场间众人的眉头也微不可觉一挑。
昨夜这宁东家以五倍价格豪取松江府近三成棉花,一解素锦阁皇商之危。
今日虽说还需要采购棉花,但买的必然不多,也必然不会像昨日那般心焦。
——价格该是叫不上了。
不过苏州府也不是什么任人拿捏的软柿子。
你既然给了松江府五倍采买价格,到了我苏州府,怎么着也得按今日的市价——两倍价格来采买吧?

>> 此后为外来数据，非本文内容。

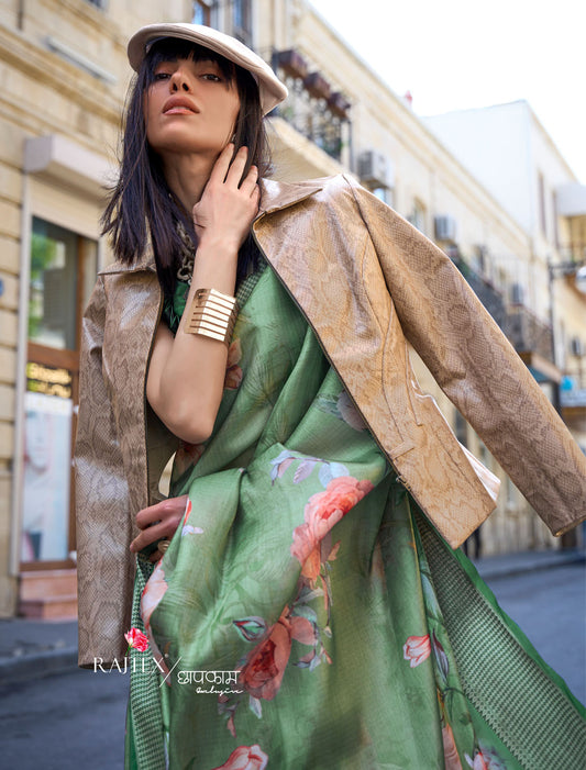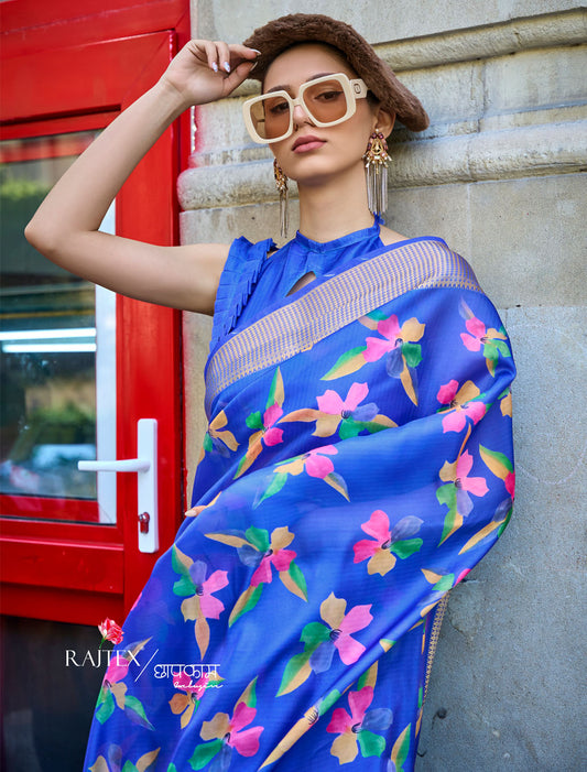 Regal Women Radiance Print Satin Organza Weaving Saree

若是想说什么,今日承了你的情,我等棉花普遍涨了三成来压价,那我们苏州府棉商今后可就在松江那帮人面前抬不起头了。
思衬间。
众人眼神又变幻了一下。
想着这人目前已经背下二十万两的货款未付,如今又向我等采买,那两个月之后,他哪来的钱付账呢?
唔,卖倒可以卖一点,但也不能多卖。
在座的都是人精,左顾右盼间,眼神交流一二后,大体的想法便都沟通得差不多了。
“当然也是五倍。”
宁南竖起手掌,五指张开,从容笑了笑。
咦?……五倍?
场间顿时一静。
呼吸声都已然听不见了。
距离宁南最近的孟石臣瞳孔收缩。
“五倍?”他身体前倾,皱眉确认道。
“不错。”宁南点了点下巴。
“不过——”他眼神厉了厉,扫视一圈房间内强作镇定的众人后,又柔和下来,笑笑道,“诸位,低于五万斤的散货,宁某就不收了。”
……
沙沙沙。
福来酒肆雅间内。
灯火昏黄。
在信王府当了十年账房的田圭面色苍白,手中的笔轻轻颤抖,眼神失焦,埋头写着契约。
同为账房的方鸿才‘当当当’拨着算珠,和棉商们一个个对着数字,确定好了后,才告诉田圭,填入契约。
契约一式两份,写完后,交给另一桌的老头柳信。
老头脸色麻木,右手极其机械地拿着素锦阁印信,沾点红泥,盖在契约上。
上官秀安排了一个百户,拿着锦衣卫千户的印信,也在契约上一按。
吧嗒。
吧嗒。
两下。
按好印信后,柳信将一份递给对面的棉商。
另一份交给旁边的一个小孩——东家下午接过来的,十二岁,名字叫李兴。
李兴小脸严肃地接过契约,拿起来看一遍,最后确认后,将契约放入一个锦盒中。
“你真的知道你在做什么吗?”
另一个雅间内,上官秀用绝望的眼神盯着宁南。
宁南拎起茶壶给新晋锦衣卫千户倒了杯茶,汩汩的茶水激荡声响起。
“喏,”他挑了挑头,“明前茶,这一壶贵得很。”
邦邦邦!上官秀敲着桌子,眼睛通红道:“你知不知道?你今天又花了二十万两!二十万两!整整二十万两!”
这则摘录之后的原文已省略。